Higher gasoline prices are economic disincentives – they encourage people to shift to less polluting transportation, like hybrid cars, electric vehicles (EV) and public transportation and to reduce their carbon emissions. And incentives are needed beyond the pump. Ontario’s cap-and-trade system forces all large emitters to reduce their emissions to become more competitive.
Subsidies and rebates on home insulation and efficient windows help reduce energy use and save the consumer money as well as reducing greenhouse gases. And the development of renewable electricity is critical to replace coal and other fossil fuels as Ontario has done in shutting down the largest point source of carbon emissions in Canada.

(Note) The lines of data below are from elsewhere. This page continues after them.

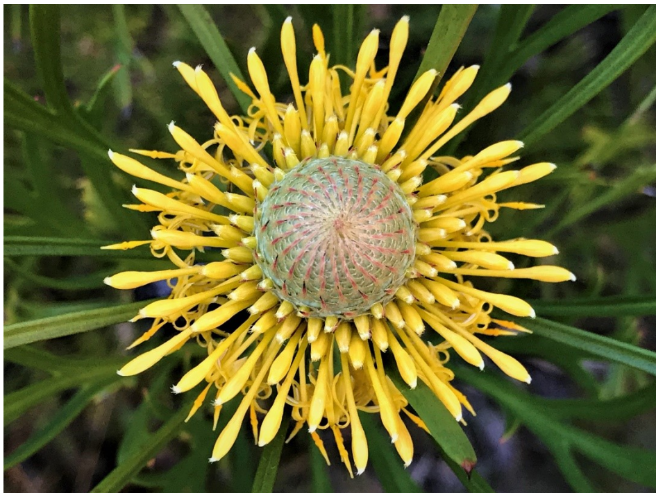
Photo taken by Karlo Taliana at Picnic Point, Georges River National Park

is the floral emblem of the East Hills Group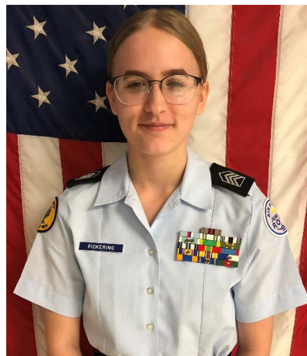
Option A (Female)

T-SHIRT: If worn, must be plain, white, V-neck or tank style.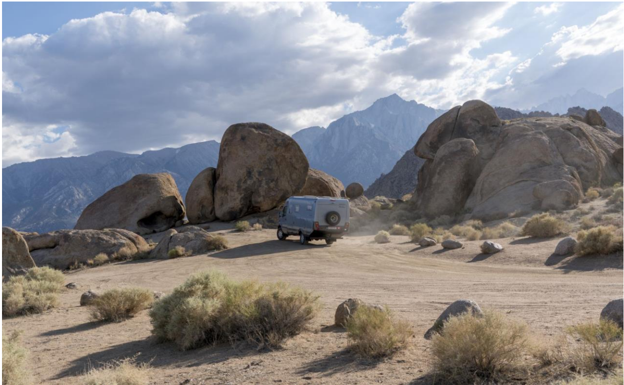
Alabama Hills, USA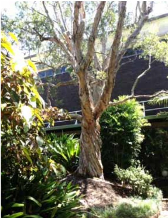
The former Readers Digest building – Surry Hills

The City of Sydney recognises the significant benefits green roofs and walls can provide our city. Incorporating plants into building design creates a city that is more beautiful, liveable and resilient to a changing climate.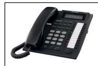
Units available in Black and White

* An optional card is required. Please contact your dealer or phone company to confirm if the Caller ID service is available in your area.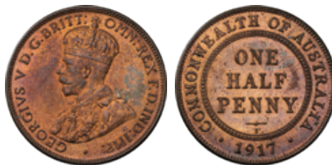
1238 1917I. Mint red and brown with some bright lustre. UNC/Ch.UNC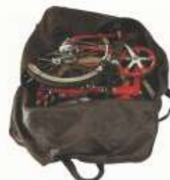
New World Tourist folded and packed into a TravelBag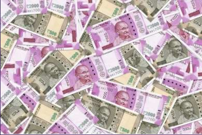
ಹಣ – Hana MONEY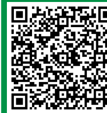
HZ5 CLEARANCE GUIDE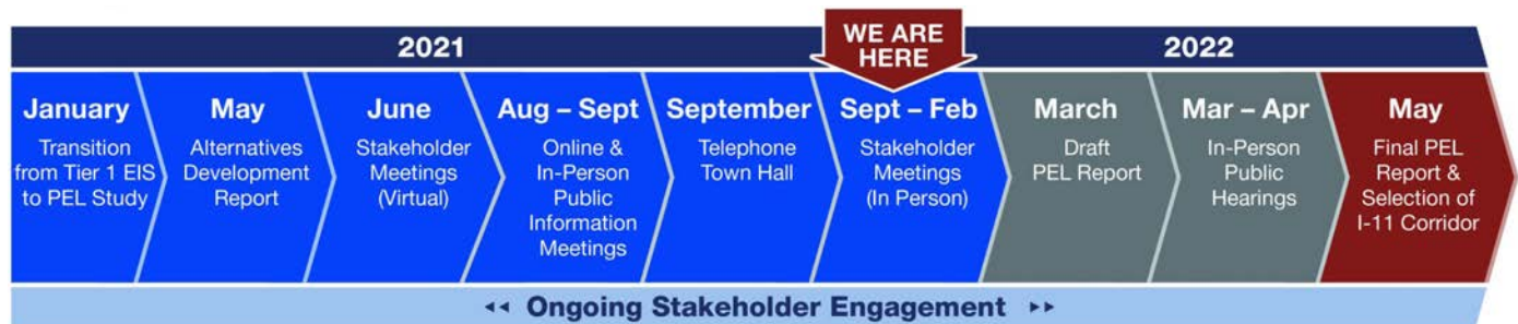
Fig. 1 I-11 Project Timeline (Nevada Department of Transportation 2021)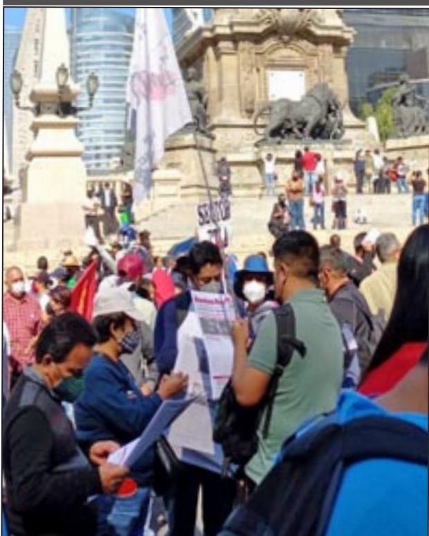
Mexico City, May 15—Comrades distributed hundreds of Red Flags during the march celebrating the Day of the Teacher.

PLEASE SEND YOUR LETTERS, RESPONSES AND SUGGESTIONS TO ICWPREDFLAG@NYM.HUSH.COM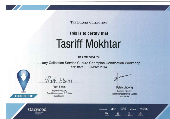
Certified Service Culture Champion Starwood Hotels and Resorts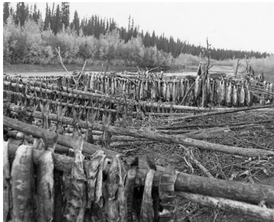
B1985.027.1212 Drying racks with fish in Fort Yukon, AK.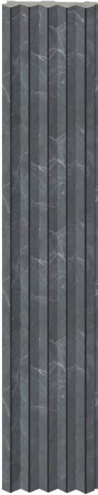
LP - 6004 / 20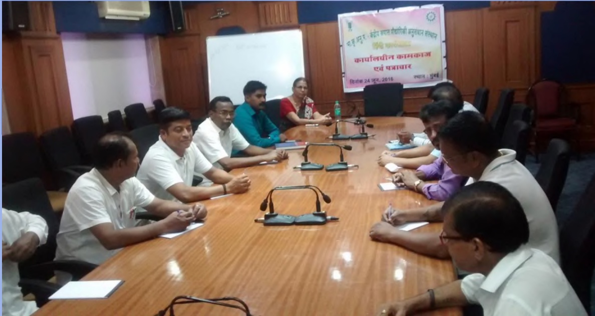
Skilled supporting staff of CIRCOT participating in Hindi Workshop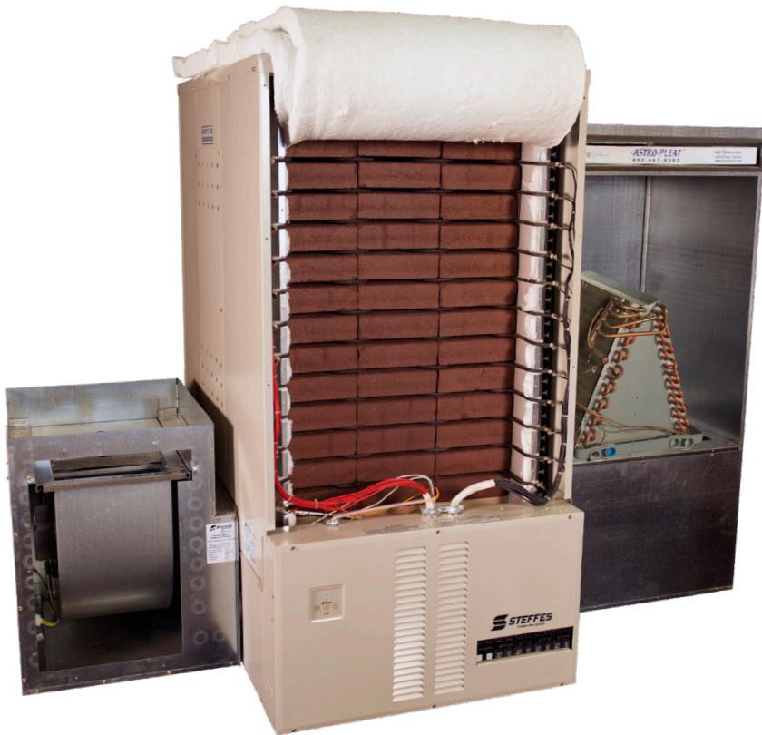
Pictured: Steffes Comfort Plus Forced Air System

LREC will size and price a Steffes system for your needs. Pricing includes delivery to the site where it can be set with a skidsteer.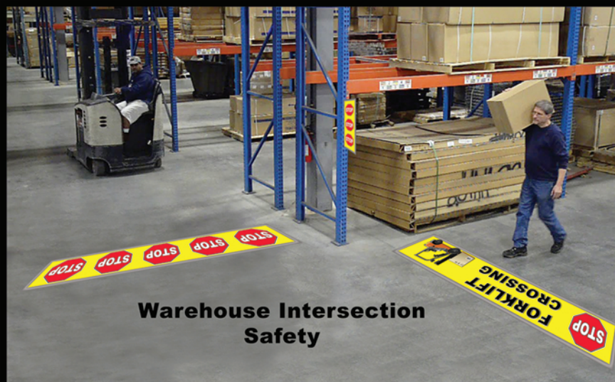
Warehouse Intersection Safety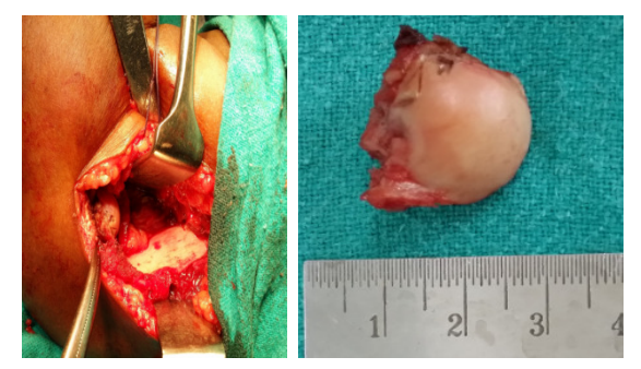
Fig. 3a: Peroperative photograph showing capitellum fracture; Fig.3b: Excised capitellum

Patient was treated by excision of the capitellum through lateral approach and mobilization of elbow under anesthesia (Figure 3). Postoperatively, her elbow was placed in an arm sling at a right angle, with the forearm in a neutral position.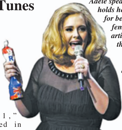
Adele speaks as she holds her award for best British female solo artist during the BRIT Music Awards at the O2 Arena in London on 21 Feb, 2012.

"21," released in February 2011, has performed strongly in the US music charts this year following the singer's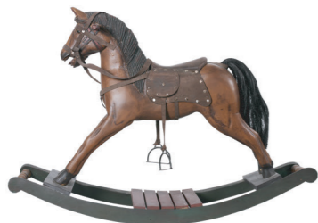
wooden rocking horse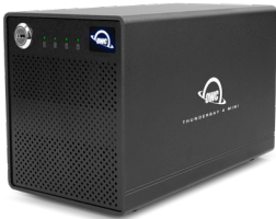
OWC ThunderBay 4 mini with Thunderbolt 2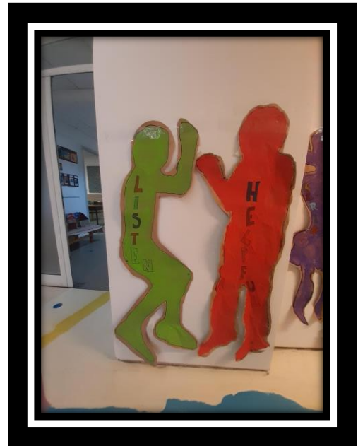
Figure 5b: Grade 2 Connection to Unit Art Activity. Students inquired into shadows and the relationship between shadows and figures.

The value/cost of Mr. Ford’s election promises dwarf those of the other two main parties. Yet, Mr. Ford has been the strongest critic of the current government for not balancing its budget sooner and reducing Ontario’s public debt. Indeed, there are a number of good reasons to knock down the size of our fiscal debt. But most folks end up arguing that it is about fairness. “How moral is it to bequeath the next generation a whacking big financial bill?”
 Our youth are not marching about, nor protesting, Ontario’s relatively high debt levels.
Young people can and do speak for themselves when it matters. When I was young we marched for civil rights and against the Vietnam war and nuclear weapons. After the last recession (2008) our youth led the protests over financial power and misuse of that power by Wall and Bay streets. More recently high school students have marched across the USA to protest the obscene number of school shootings. In the UK those who were too young to vote against Brexit feel cheated by the outcome and are demanding a new referendum.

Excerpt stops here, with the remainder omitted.